# Selling craft item from home



## greenroom (31 May 2011)

Hi All,

Finally I have come up with a craft item I feel will sell. I have time on my hands and so can put the work required into it (I do realise craft items lead to a very small wage per hour).

Anyone any help/advice etc. Thank You.


----------



## computerman (1 Jun 2011)

What type of advice are you looking for? eg accounts? sales? marketing? insurance?


----------



## greenroom (1 Jun 2011)

Hi computerman, 

I interested in selling my items that would be personalized to each order, I dont want to go down the route of setting up a business etc yet as I would like to test the market.


----------



## AlbacoreA (1 Jun 2011)

Why not set up a website not to sell but to advertise. Ditto ads in the local paper and perhaps set up a stall at craft fairs, markets that kinda things. or ask someone who does this to advertise it for you on commission basis.


----------



## Berni (1 Jun 2011)

Take a look at http://www.etsy.com
It is aimed at people selling their handmade goods, so it could allow you to test the water without a large commitment.


----------



## greenroom (1 Jun 2011)

Yes, had been thinking along the lines an add on donedeal and such like, Yes am aware of etsy, thanks. 

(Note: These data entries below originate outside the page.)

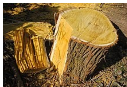
Madera característica de Maclura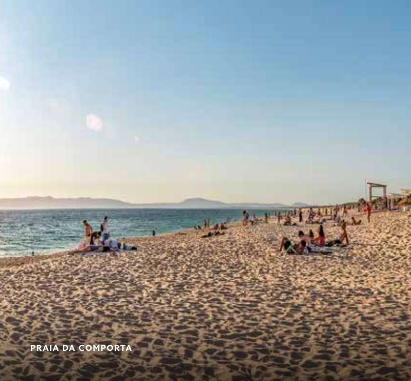
PRAIA DA COMPORTA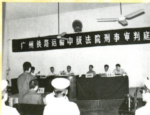
现场开庭(1983年长沙分局)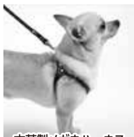
革製メガネハーネス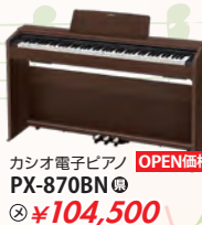
カシオ電子ピアノ PX-870BN 税込 ¥104,500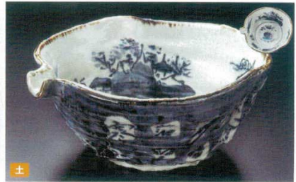
01203-179 山水片口特大鉢 6,600円 20入 (26×23.5×10.5cm)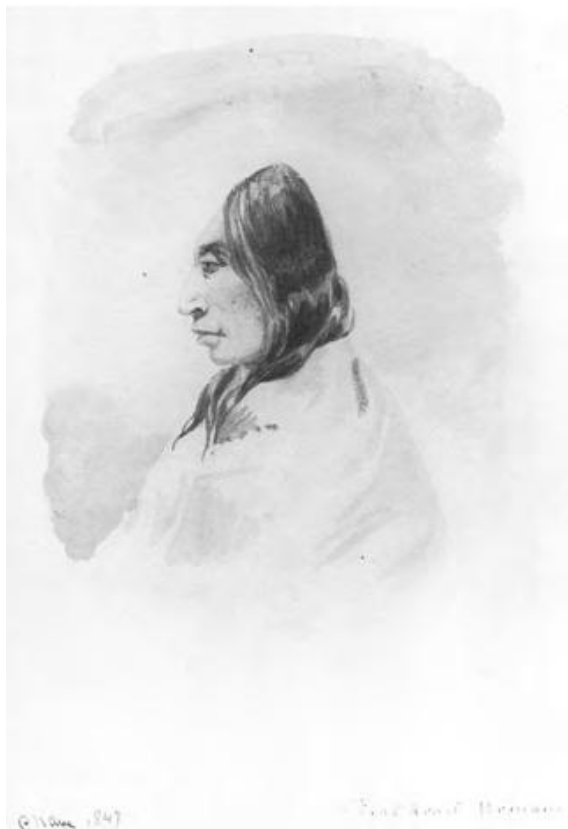
Field sketch by Paul Kane [5]

چندتایی از قبایل بومی آمریکا، که ساکن جلگه‌های بالایی بودند، زیبایی را در این می‌دیدند که تخته چوب کوچک را در بخش جلویی سر نوزادان که هنوز در حال رشد است قرار دهند. [۴] همانطور که بچه بزرگتر می‌شد، این تخته‌ها در حالت کشیده‌تری قرار می‌گرفت. همانطور که متخصص ارتدونسی به تدریج دندان‌ها را هم‌ردیف می‌کند. معلوم نیست که مغز در نتیجه‌ی این عمل صدمه می‌دیده است یا نه، اما این تغییر باعث می‌شده است تا سر، حالتی مخروطی و

had heard from a professional, that if one gives classes in own home and states the fee is to cover materials and your time is free than one isnt actually charging and so doesnt need insurance etc. I have a dedicated craft room in my home. 

I can get individual insurance for €155 from aviva that covers crafting from home and teaching, just dont want to go into hassle of a proper business.


----------



## computerman (2 Jun 2011)

but..... if you are buying and selling (albeit on a very small scale) it is a business.

As I understand it
1. your turnover is so small you dont need to register for vat.
2. register as a business, trade normally, at year end add up your sales deduct your expences, fill out a return, (you diont need an accountant).
 submit the return.  If you have any queries phone the revenue.  They will help you with the form.


----------



## HostBidder (2 Jun 2011)

You could also try selling on eBay, Buy and Sell, car boot sales, market stalls, etc.


----------



## aristotle (2 Jun 2011)

Register as a sole trader, no need to set up a limited liability company.


----------



## greenroom (2 Jun 2011)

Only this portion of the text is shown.